-- GIVEN DATA follows --

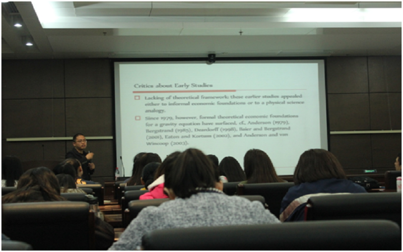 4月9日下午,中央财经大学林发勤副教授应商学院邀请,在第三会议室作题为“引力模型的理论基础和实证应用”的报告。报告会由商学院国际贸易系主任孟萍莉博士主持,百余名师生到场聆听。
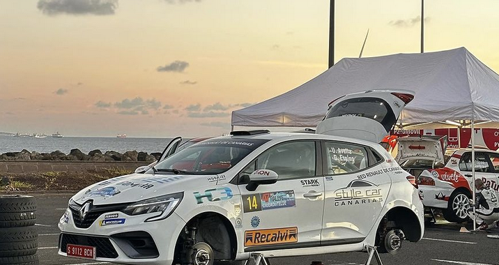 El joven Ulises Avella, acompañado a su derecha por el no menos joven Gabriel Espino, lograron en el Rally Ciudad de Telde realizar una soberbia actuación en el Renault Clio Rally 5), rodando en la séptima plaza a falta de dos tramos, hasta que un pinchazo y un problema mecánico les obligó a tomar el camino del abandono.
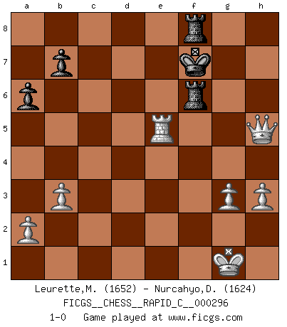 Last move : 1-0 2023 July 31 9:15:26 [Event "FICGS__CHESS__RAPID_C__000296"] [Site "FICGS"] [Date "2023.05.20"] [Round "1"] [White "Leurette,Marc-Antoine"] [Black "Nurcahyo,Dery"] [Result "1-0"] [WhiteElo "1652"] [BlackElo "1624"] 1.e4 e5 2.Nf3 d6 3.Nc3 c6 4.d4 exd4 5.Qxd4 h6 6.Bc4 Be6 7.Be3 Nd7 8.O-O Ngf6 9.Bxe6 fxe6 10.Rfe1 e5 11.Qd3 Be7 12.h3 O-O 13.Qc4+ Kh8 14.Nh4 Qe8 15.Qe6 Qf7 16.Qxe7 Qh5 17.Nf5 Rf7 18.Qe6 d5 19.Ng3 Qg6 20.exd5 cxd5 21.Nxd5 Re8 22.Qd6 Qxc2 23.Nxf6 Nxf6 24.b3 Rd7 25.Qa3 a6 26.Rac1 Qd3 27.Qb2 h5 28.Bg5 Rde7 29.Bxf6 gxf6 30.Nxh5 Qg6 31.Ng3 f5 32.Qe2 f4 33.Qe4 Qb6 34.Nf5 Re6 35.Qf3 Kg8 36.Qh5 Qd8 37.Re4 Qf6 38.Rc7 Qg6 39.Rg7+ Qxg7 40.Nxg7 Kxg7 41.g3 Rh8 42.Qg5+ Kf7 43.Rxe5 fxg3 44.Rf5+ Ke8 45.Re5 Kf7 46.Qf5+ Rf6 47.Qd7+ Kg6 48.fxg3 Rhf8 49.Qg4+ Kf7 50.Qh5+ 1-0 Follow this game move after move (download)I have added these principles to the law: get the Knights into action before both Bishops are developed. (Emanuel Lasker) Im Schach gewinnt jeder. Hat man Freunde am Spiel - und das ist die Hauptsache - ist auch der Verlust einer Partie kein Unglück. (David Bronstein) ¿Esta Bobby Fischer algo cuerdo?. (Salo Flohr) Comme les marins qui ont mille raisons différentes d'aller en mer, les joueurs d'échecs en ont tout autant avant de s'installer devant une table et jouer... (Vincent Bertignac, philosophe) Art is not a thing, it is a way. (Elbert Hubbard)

-- GIVEN DATA concluded --
-- GIVEN DATA follows --

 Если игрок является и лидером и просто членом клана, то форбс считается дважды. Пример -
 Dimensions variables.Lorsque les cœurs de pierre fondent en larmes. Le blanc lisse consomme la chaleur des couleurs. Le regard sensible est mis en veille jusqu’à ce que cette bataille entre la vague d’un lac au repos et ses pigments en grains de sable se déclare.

-- GIVEN DATA concluded --

TASK OBJECTIVE | Of all the entries above, output exactly the lines between the one holding "Если игрок является" and the one holding "Dimensions variables.Lorsque les", inclusive.

EXPECTED ANSWER |
 Если игрок является и лидером и просто членом клана, то форбс считается дважды. Пример -
 Dimensions variables.Lorsque les cœurs de pierre fondent en larmes. Le blanc lisse consomme la chaleur des couleurs. Le regard sensible est mis en veille jusqu’à ce que cette bataille entre la vague d’un lac au repos et ses pigments en grains de sable se déclare.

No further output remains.